Trotz alledem betont Paoli, dass die Kriterien nicht erfüllt seien. »Belgien ist kein Drogenstaat und läuft auch nicht Gefahr, in den kommenden Jahren einer zu werden«, bekräftigt sie.“

Ein verräterisches und auch etwas nervös klingendes Dementi …
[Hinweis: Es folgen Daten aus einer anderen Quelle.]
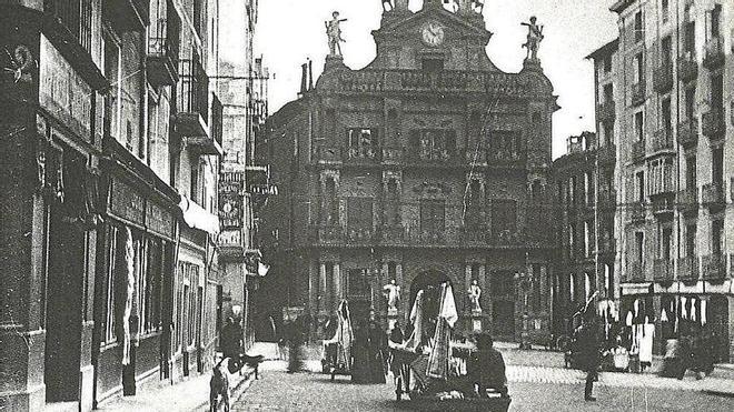 En 1905 todavía se permitía la instalación de puestos de venta callejera en la plaza Consistorial, que en el caso que nos ocupa, y según dejó escrito J.J. Arazuri, se trataba de la venta de simples baratijas. Antes, hasta 1864, solían instalarse enormes puestos de venta de fruta, y la propia plaza era comúnmente conocida como “plaza de la Fruta”, cosa que quedó documentada en una única y valiosísima fotografía, que en su momento ya publicamos.

„Ten Voeten, ein niederländischer Anthropologe und Fotograf, der ein Buch über Drogenhandel in Antwerpen und ein weiteres über drogenbedingte Gewalt in Mexiko geschrieben hat, sieht es etwas nuancierter. »Die Idee eines Drogenstaates ist etwas alarmistisch«, räumt er ein. Er glaubt jedoch, dass man in Belgien von einer Art »abgeschwächtem Drogenstaat« sprechen könne, denn obwohl das Problem dort nicht annähernd so gravierend sei wie im mexikanischen Bundesstaat Tamaulipas, »sind Struktur und Muster im Grunde sehr ähnlich«.“

Im Grunde widerspricht er der Frau Paoli, aber so richtig hinschreiben will das die spanische Journalistin nicht.
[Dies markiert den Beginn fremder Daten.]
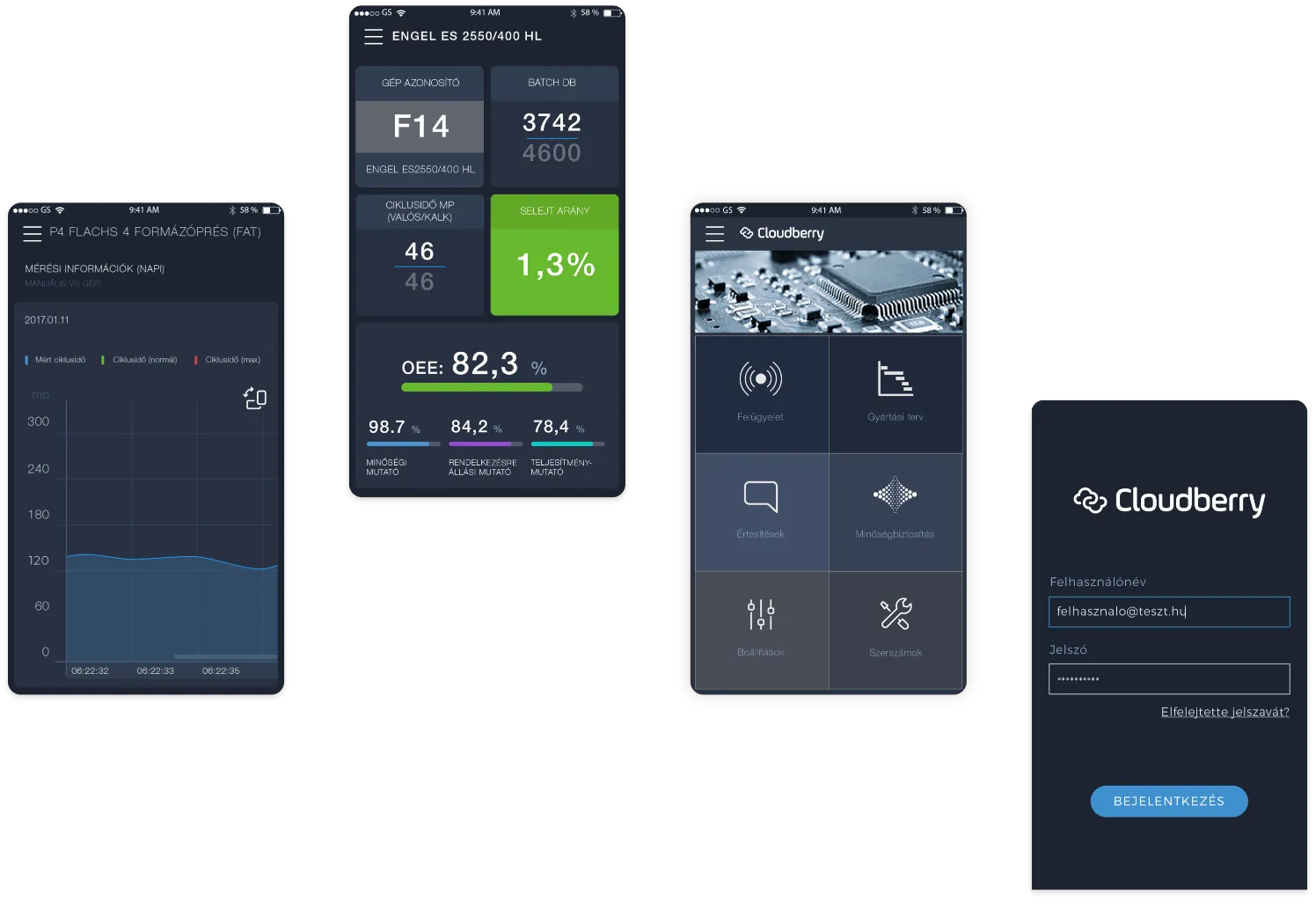 Cloudberry is an Industry 4.0 development aiming to improve production efficiency. Its role is the synchronization of the machines’ operation and the continuous monitoring and analysis of the production processes. The system is suitable for workflow optimization of a single company or a whole supply chain. In addition to the desktop screens, the current production status is shown to the supervisors and workers on a dedicated public display.

„Beide sind sich einig, dass die Warnung der Richterin ein »Aufruf zum Handeln« ist, wie Voeten es ausdrückt. »Ich verstehe die Besorgnis der Menschen. Die Bundespolizei ist unterfinanziert, Richter werden bedroht … so etwas sind wir nicht gewohnt. Es ist ein Zeichen dafür, dass sich das Problem verschärft und wir Hilfe und finanzielle Unterstützung brauchen«, fasst Paoli zusammen.“

Man fragt sich, wer in diesem Fall „Wir“ sind?
Die Klage, es würde zu wenig getan, verschließt offensichtlich die Augen davor, daß der Drogenhandel in der Politik und bei den Behörden angekommen ist.
Zusätzlich haben in ganz Europa Sparprogramme die Sicherheitsorgane ausgedünnt, was nicht nur den Personalstand, sondern auch die technische Ausstattung, Datenverarbeitungskapazitäten usw. betrifft.
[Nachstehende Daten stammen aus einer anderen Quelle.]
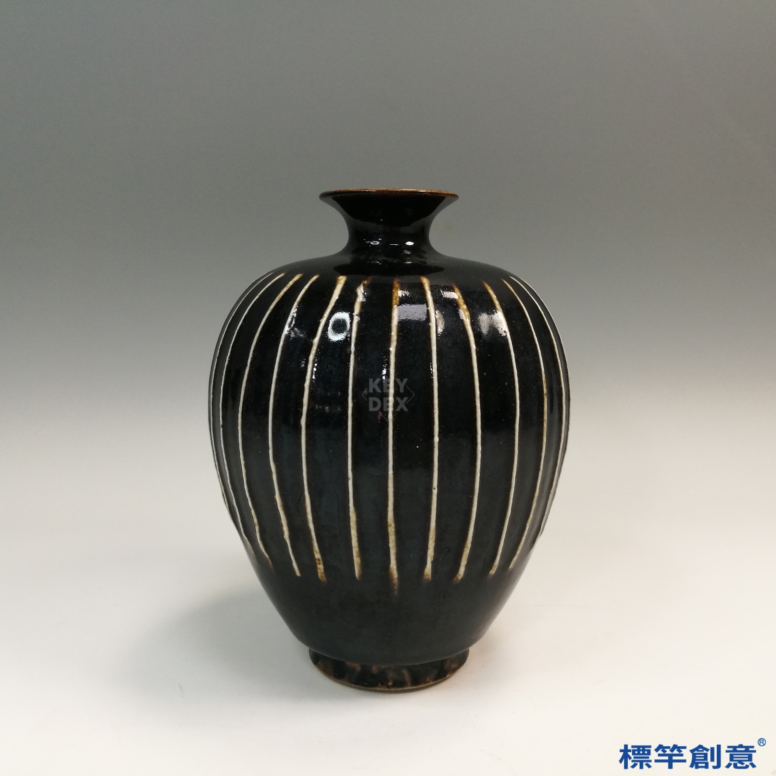 GE023 金代介休窯黑釉剔白線紋梅瓶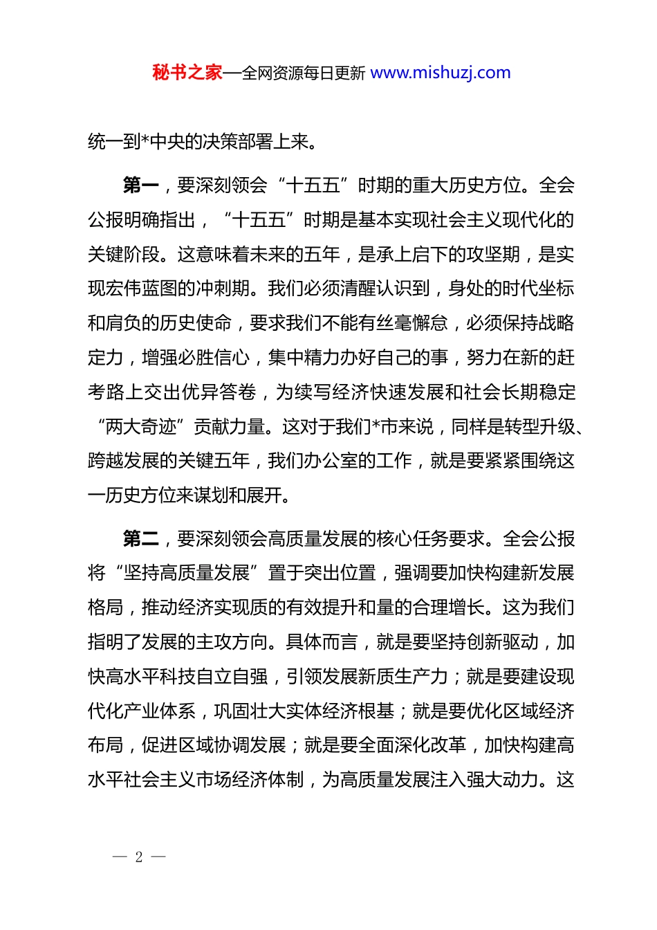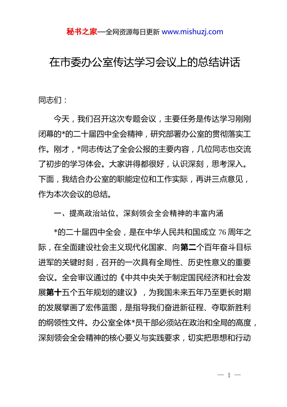 秘书之家—全网资源每日更新 www.mishuzj.com在市委办公室传达学习会议上的总结讲话同志们:今天,我们召开这次专题会议,主要任务是传达学习刚刚闭幕的*的二十届四中全会精神,研究部署办公室的贯彻落实工作。刚才,*同志传达了全会公报的主要内容,几位同志也交流了初步的学习体会。大家讲得都很好,认识深刻,思考深入。下面,我结合办公室的职能定位和工作实际,再讲三点意见,作为本次会议的总结。一、提高政治站位,深刻领会全会精神的丰富内涵*的二十届四中全会,是在中华人民共和国成立 76 周年之际,在全面建设社会主义现代化国家、向第二个百年奋斗目标进军的关键时刻,召开的一次具有全局性、历史性意义的重要会议。全会审议通过的《中共中央关于制定国民经济和社会发展第十五个五年规划的建议》,为我国未来五年乃至更长时期的发展擘画了宏伟蓝图,是指导我们奋进新征程、夺取新胜利的纲领性文件。办公室全体*员干部必须站在政治和全局的高度,深刻领会全会精神的核心要义与实践要求,切实把思想和行动— 1 —秘书之家—全网资源每日更新 www.mishuzj.com统一到*中央的决策部署上来。第一,要深刻领会“十五五”时期的重大历史方位。全会公报明确指出,“十五五”时期是基本实现社会主义现代化的关键阶段。这意味着未来的五年,是承上启下的攻坚期,是实现宏伟蓝图的冲刺期。我们必须清醒认识到,身处的时代坐标和肩负的历史使命,要求我们不能有丝毫懈怠,必须保持战略定力,增强必胜信心,集中精力办好自己的事,努力在新的赶考路上交出优异答卷,为续写经济快速发展和社会长期稳定“两大奇迹”贡献力量。这对于我们*市来说,同样是转型升级、跨越发展的关键五年,我们办公室的工作,就是要紧紧围绕这一历史方位来谋划和展开。第二,要深刻领会高质量发展的核心任务要求。全会公报将“坚持高质量发展”置于突出位置,强调要加快构建新发展格局,推动经济实现质的有效提升和量的合理增长。这为我们指明了发展的主攻方向。具体而言,就是要坚持创新驱动,加快高水平科技自立自强,引领发展新质生产力;就是要建设现代化产业体系,巩固壮大实体经济根基;就是要优化区域经济布局,促进区域协调发展;就是要全面深化改革,加快构建高水平社会主义市场经济体制,为高质量发展注入强大动力。这— 2 —秘书之家—全网资源每日更新 www.mishuzj.com些部署既是宏观的战略指引,也为我们思考和推动*市的发展提供了根本遵循。第三,要深刻领会以人民为中心的发展思想。全会再次彰显了我们*一以贯之的为民情怀,强调要加大保障和改善民生力度,扎实推进全体人民共同富裕,不断提高人民生活品质。无论是促进高质量充分就业,还是办好人民满意的教育、健全社会保障体系、推进健康中国建设,都体现了发展为了人民、发展依靠人民、发展成果由人民共享的价值追求。市委办公室作为离市委最近、服务群众最直接的部门之一,必须将这种思想融入血脉、见诸行动,始终把人民群众的安危冷暖放在心上。第四,要深刻领会统筹发展和安全的重大原则。安全是发展的前提,发展是安全的保障。全会强调要更好统筹发展和安全,推进国家安全体系和能力现代化。这要求我们在谋划工作、推进发展时,必须增强忧患意识,坚持底线思维,下好先手棋、打好主动仗,有效防范化解政治、经济、社会、生态等各领域风险挑战,确保*市在现代化建设的道路上行稳致远。二、聚焦职责使命,全力做好服务保障的各项工作学习贯彻全会精神,关键在于结合实际、推动工作。市委— 3 —秘书之家—全网资源每日更新 www.mishuzj.com办公室作为市委的“坚强前哨”和“巩固后院”,承担着参谋辅政、统筹协调、督查督办、服务保障的重要职责。我们必须把全会精神转化为做好“三服务”工作的具体思路、务实举措和实际行动,在服务*市高质量发展大局中展现新担当、新作为。第一,围绕“高质量发展”这一首要任务,当好参谋助手。全会为“十五五”时期的经济工作定下了基调。对照全会要求,我们必须清醒地看到*市当前发展面临的挑战。2024 年,我市地区生产总值增长 3.0%,虽然总量保持领先,但增速有所放缓。特别是第二...

„Dass Belgien ein Drogenproblem hat, ist unbestreitbar.
2024, während der EU-Ratspräsidentschaft, erklärte die belgische Regierung den Kampf gegen die organisierte Drogenkriminalität zu einer ihrer Prioritäten und präsentierte unter anderem die »Europäische Hafenallianz« zur Stärkung von Sicherheit und Zusammenarbeit.
Auf nationaler Ebene schlug der damalige Innenminister Bernard Quintin vor, dass Soldaten in Brüssel gemeinsam mit Polizisten patrouillieren sollen. Die derzeit sechs Polizeizonen sollen bis 2027 zu einer einzigen zusammengelegt werden, um die Effizienz zu steigern. Ihre Amtskollegin im Justizministerium, Annelies Verlinden, erklärte diese Woche, dass die Sicherheitsvorkehrungen in den Gerichten verstärkt worden seien und dass die identifizierenden Daten von Beamten und Richtern anonymisiert würden.“

Erst jetzt?!

„Auch auf europäischer Ebene tut sich etwas. Brüssel muss noch vor Jahresende eine neue EU-Drogenstrategie und einen Aktionsplan mit neuen, konkreten Maßnahmen vorlegen. Zudem wird bereits an neuen Gesetzen gearbeitet, die bis Ende 2026 in Kraft treten sollen, um die Bekämpfung der organisierten Kriminalität in der gesamten EU zu verbessern.
Jede Anstrengung sei willkommen, betont Voeten. Denn, warnt er, das Drogenproblem werde nicht verschwinden.“

Das Interessante ist, wie es eigentlich so weit kommen konnte.
Aber da müßte man die ganze EU und ihre Politik genauer untersuchen.